To take lessons with me is to accept that Music Theory will be part of your education. It may not be a huge part, but there will be some for sure.
There is one thing that makes me much more upset than anything else: not doing your theory assignment.
I understand two things against this point. The first is that I am honestly biased. All of my degrees were based on theory and composition. I've invested in the knowledge and want to share it. I have a high respect for its importance. The second is one I think I need to address, and that is the feeling you might have: I'm paying for PIANO lessons, not theory lessons. Why should I waste my time on theory?
What is Music Theory?
In the world of science, a law is a principle which can be proven beyond dispute, often with numerical evidence (such as gravity and inertia). A theory (such as relativity and evolution) is a reasoned, researched principle that can't necessarily be proven. Theories are often open to debate. To be a theory in the first place, however, it is required that the concepts be sound and valid, whether or not they are completely correct.
There are no laws in music. Music is free to be created and re-created. For nearly every rule ever stated in music, you can count on finding an exception somewhere. That said, music is not a happy accident. The pieces and songs that move you did not randomly appear into existence. It took thought to create it. If a piece is really good, then the person who created it could not only likely read music, but also understood how intervals work, how the functions of harmony are successful, what makes a good melody, how voice leading can make the piece better or worse, and so much more.
What is music theory? It is all the common ideas mankind has developed about music in Western culture, and our understanding of how and why music works.
Why is Theory important as a pianist (or any other performer)?
To understand theory is to understand how music works. To understand how music works is to open doors in a lot of ways. First, it helps explain why you like certain music more than others. It's a source of pride to me, and it can be to you too, that I can verbally explain why I like the music that I do and why I don't like other music. Understanding theory helps you understand a composer's intentions. The piece speaks to you like it didn't before when you know things about it.
It also helps you achieve the ultimate in musical achievement: creating your own music. People marvel over the fact that Beethoven could compose such great works while he was completely deaf. I love Beethoven and I think his music would be great even if he had always been able to hear...but let's not call this a miracle that he could do it while deaf. The fact is that Beethoven KNEW his theory. He knew why chords and keys worked. He understood how rhythm worked. He knew orchestration. As a composer myself, I often write at a table, away from instruments, and only use the sounds to fine tune my product. Beethoven could write without hearing because he knew his stuff. He didn't need to hear it to know how it would sound.
People imagine composers being these mythical people that just wait for inspiration to hit, but composing is rarely just a result of inspiration. It's very much a craft. When I write or improvise music, I am taking my understanding of how music works, disassembling it, and putting it back together in my own way with an understanding of what is more likely to be pleasing and not.
The best performers in every genre have much more often than not been shown to be very competent in music theory.
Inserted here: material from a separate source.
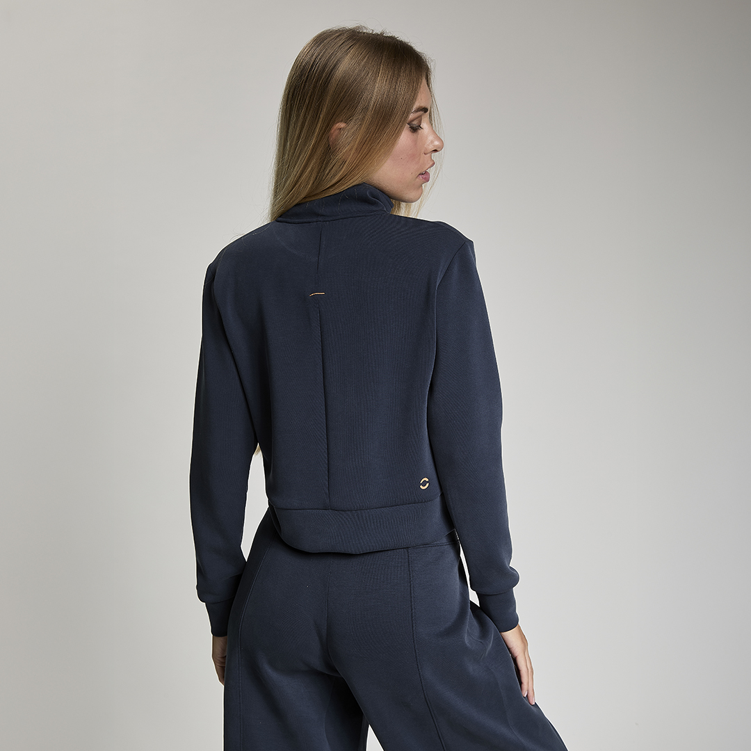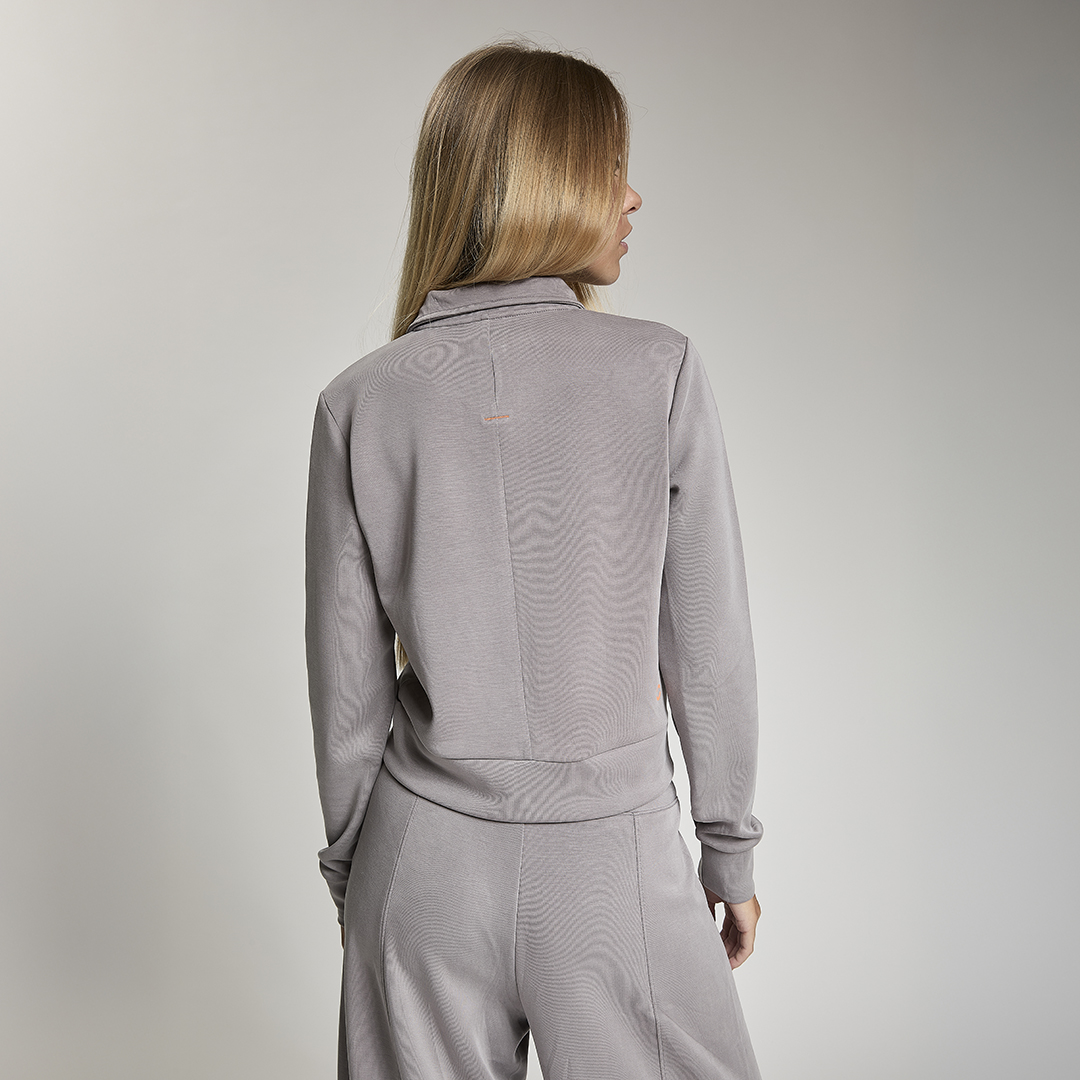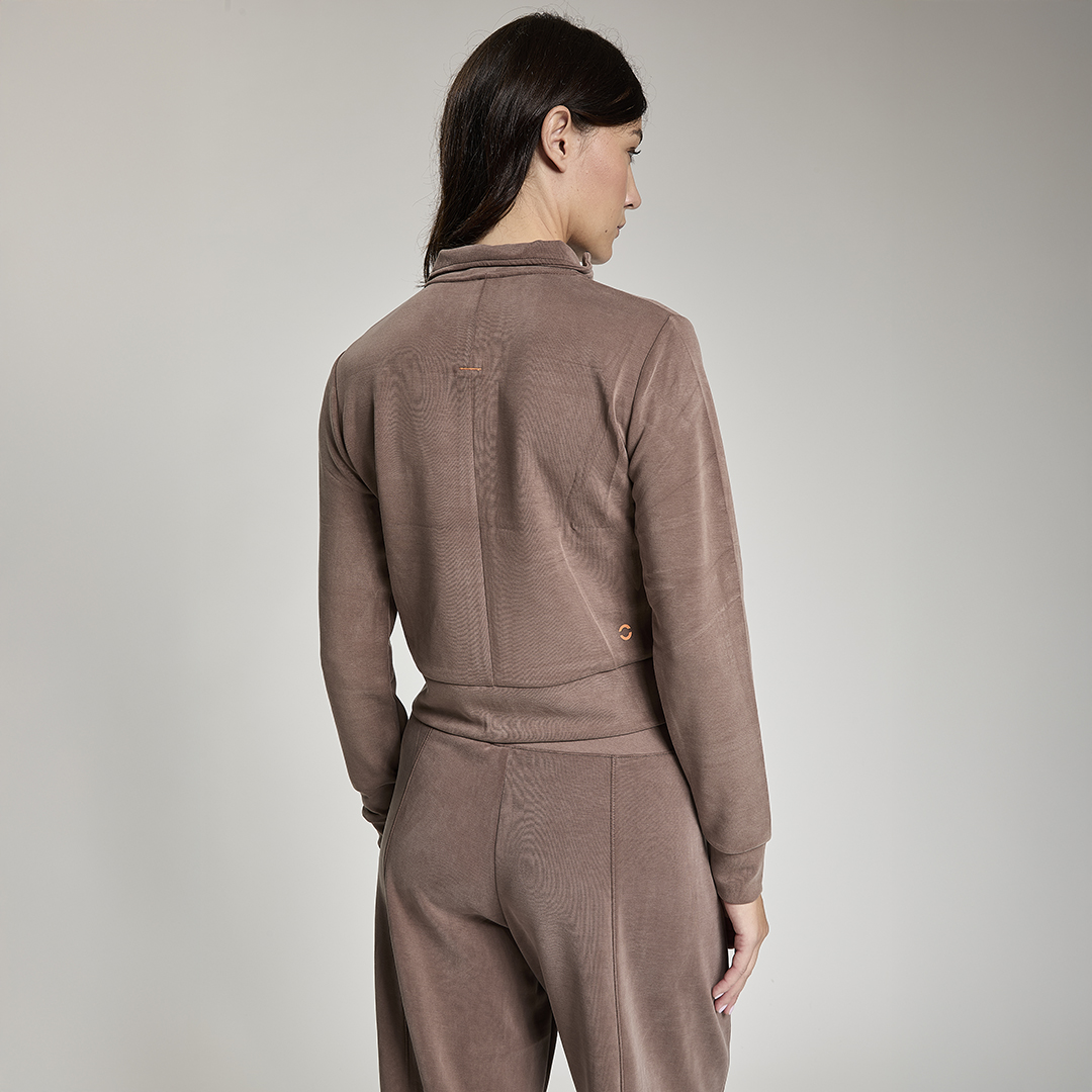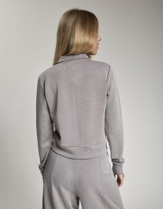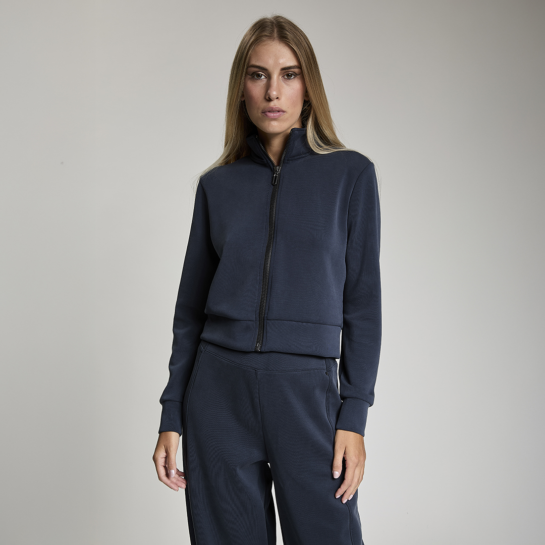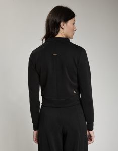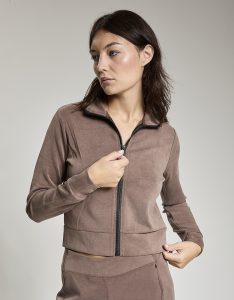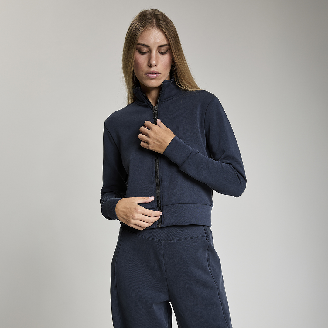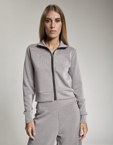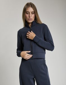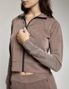Felpa crop full zip. Tessuto in felpa tecnica “wear a hug”. Morbido soffice e leggero.

There's a limit on what you can achieve blindly in music, that is just playing notes and not understanding what they're doing. To be great in music, you need to understand it. My most accomplished students of the past 14 years have all been among the most knowledgable about music itself.
I urge every one of my students to not just regard Theory as something separate from practice. Think of Theory as a type of practice all by itself, a type of mental practice.